*What is expected*
Output the data in full. Keep every word exact and exclude the pictures.

*Given information*
-*-*-

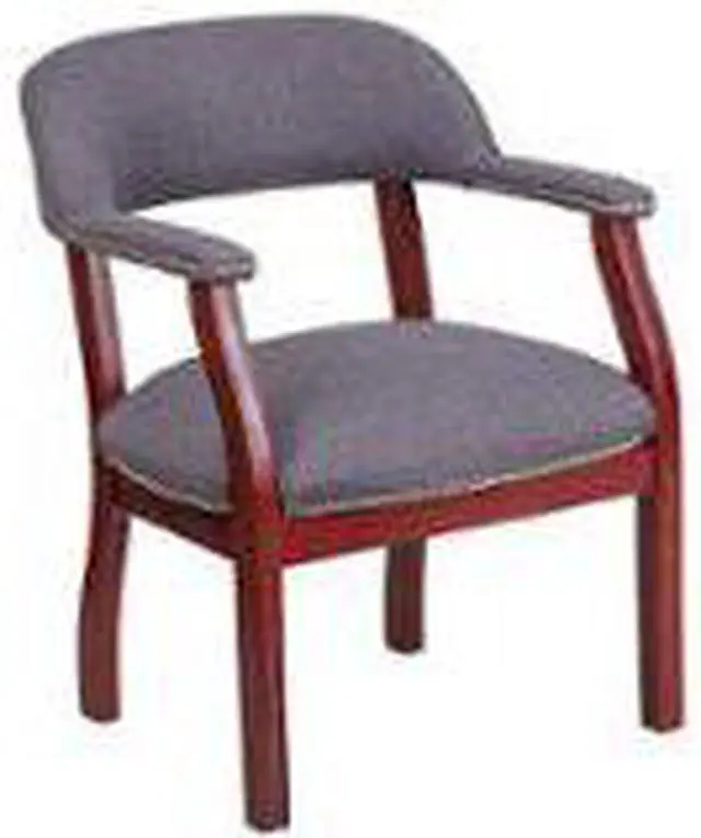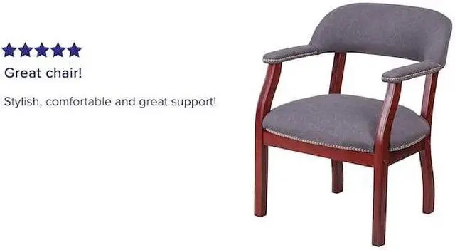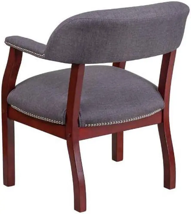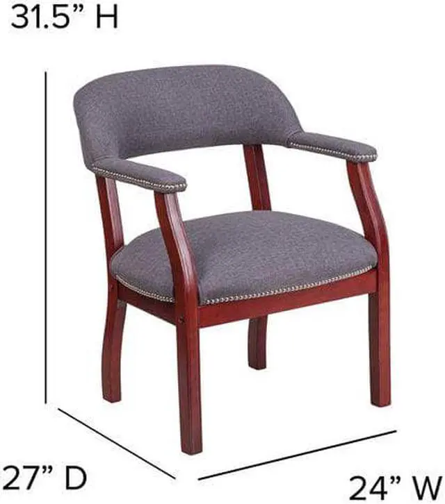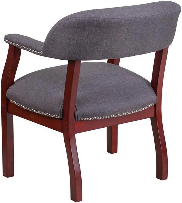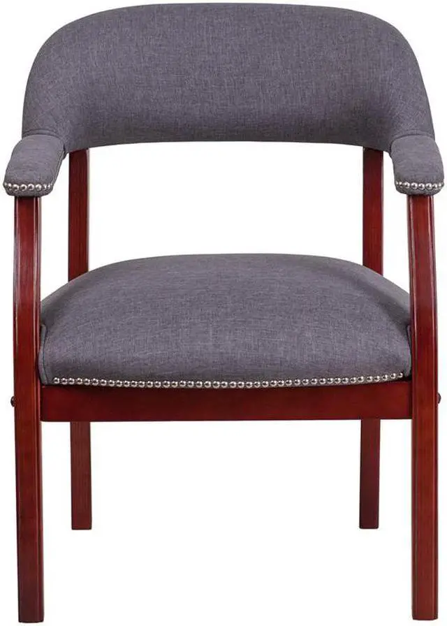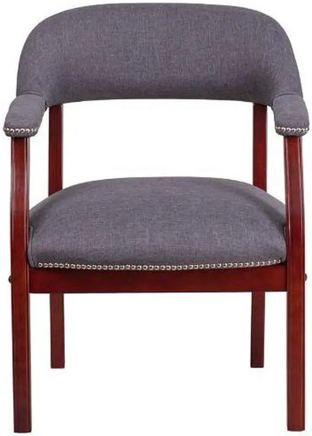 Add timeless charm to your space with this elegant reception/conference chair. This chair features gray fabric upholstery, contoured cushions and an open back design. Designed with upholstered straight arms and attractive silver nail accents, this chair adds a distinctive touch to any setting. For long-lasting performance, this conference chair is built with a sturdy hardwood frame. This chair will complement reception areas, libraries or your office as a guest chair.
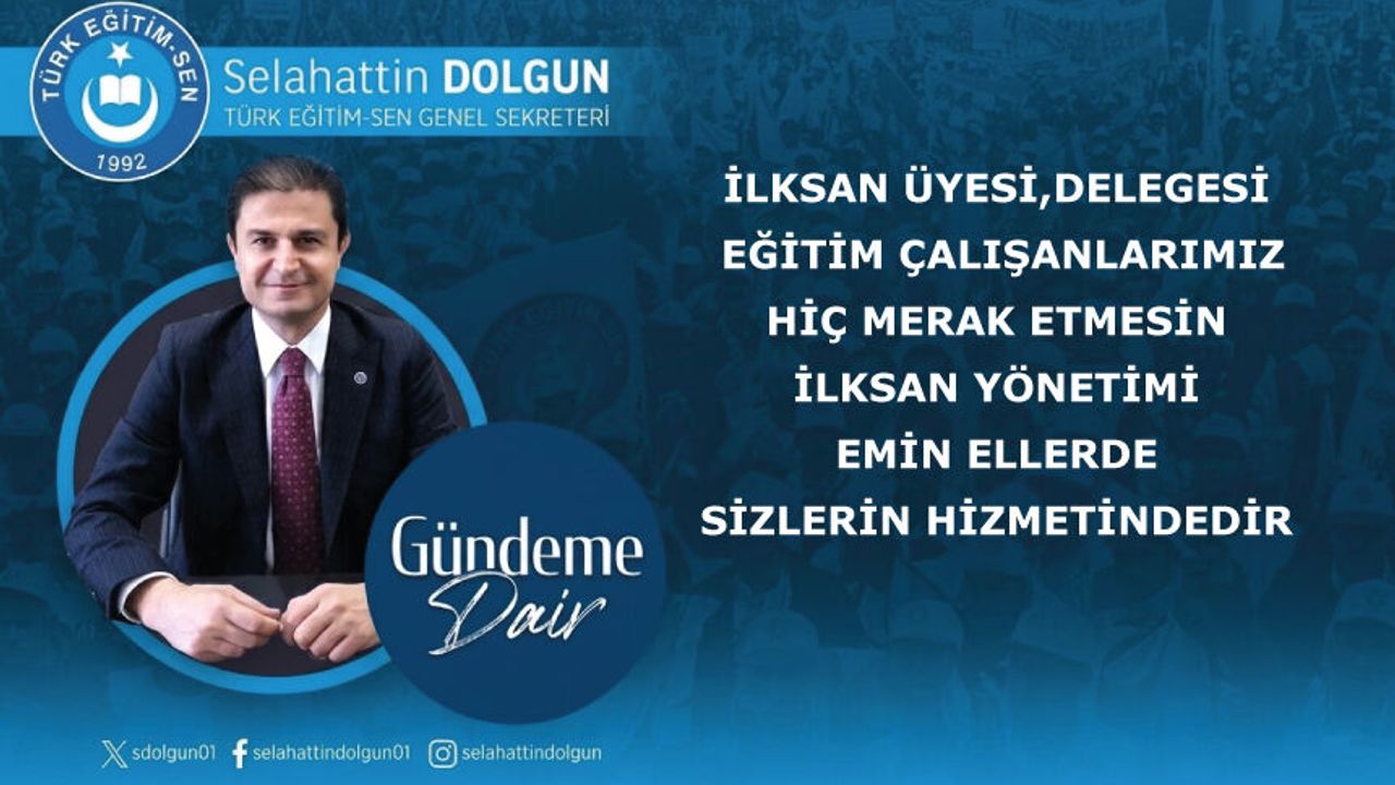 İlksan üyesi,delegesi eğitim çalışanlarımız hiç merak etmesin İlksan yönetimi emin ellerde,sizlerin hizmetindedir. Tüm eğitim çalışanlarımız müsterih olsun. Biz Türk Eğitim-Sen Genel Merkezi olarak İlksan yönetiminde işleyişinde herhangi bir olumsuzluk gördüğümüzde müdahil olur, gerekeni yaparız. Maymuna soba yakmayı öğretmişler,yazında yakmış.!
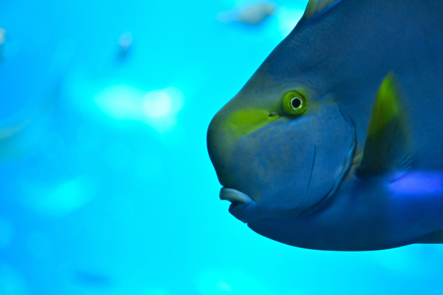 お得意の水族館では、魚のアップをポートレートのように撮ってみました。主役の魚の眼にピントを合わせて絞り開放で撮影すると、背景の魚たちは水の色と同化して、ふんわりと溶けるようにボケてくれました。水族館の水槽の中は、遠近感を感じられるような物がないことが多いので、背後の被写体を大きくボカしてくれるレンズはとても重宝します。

-*-*-

*Expected output*
 Add timeless charm to your space with this elegant reception/conference chair. This chair features gray fabric upholstery, contoured cushions and an open back design. Designed with upholstered straight arms and attractive silver nail accents, this chair adds a distinctive touch to any setting. For long-lasting performance, this conference chair is built with a sturdy hardwood frame. This chair will complement reception areas, libraries or your office as a guest chair.
 İlksan üyesi,delegesi eğitim çalışanlarımız hiç merak etmesin İlksan yönetimi emin ellerde,sizlerin hizmetindedir. Tüm eğitim çalışanlarımız müsterih olsun. Biz Türk Eğitim-Sen Genel Merkezi olarak İlksan yönetiminde işleyişinde herhangi bir olumsuzluk gördüğümüzde müdahil olur, gerekeni yaparız. Maymuna soba yakmayı öğretmişler,yazında yakmış.!
 お得意の水族館では、魚のアップをポートレートのように撮ってみました。主役の魚の眼にピントを合わせて絞り開放で撮影すると、背景の魚たちは水の色と同化して、ふんわりと溶けるようにボケてくれました。水族館の水槽の中は、遠近感を感じられるような物がないことが多いので、背後の被写体を大きくボカしてくれるレンズはとても重宝します。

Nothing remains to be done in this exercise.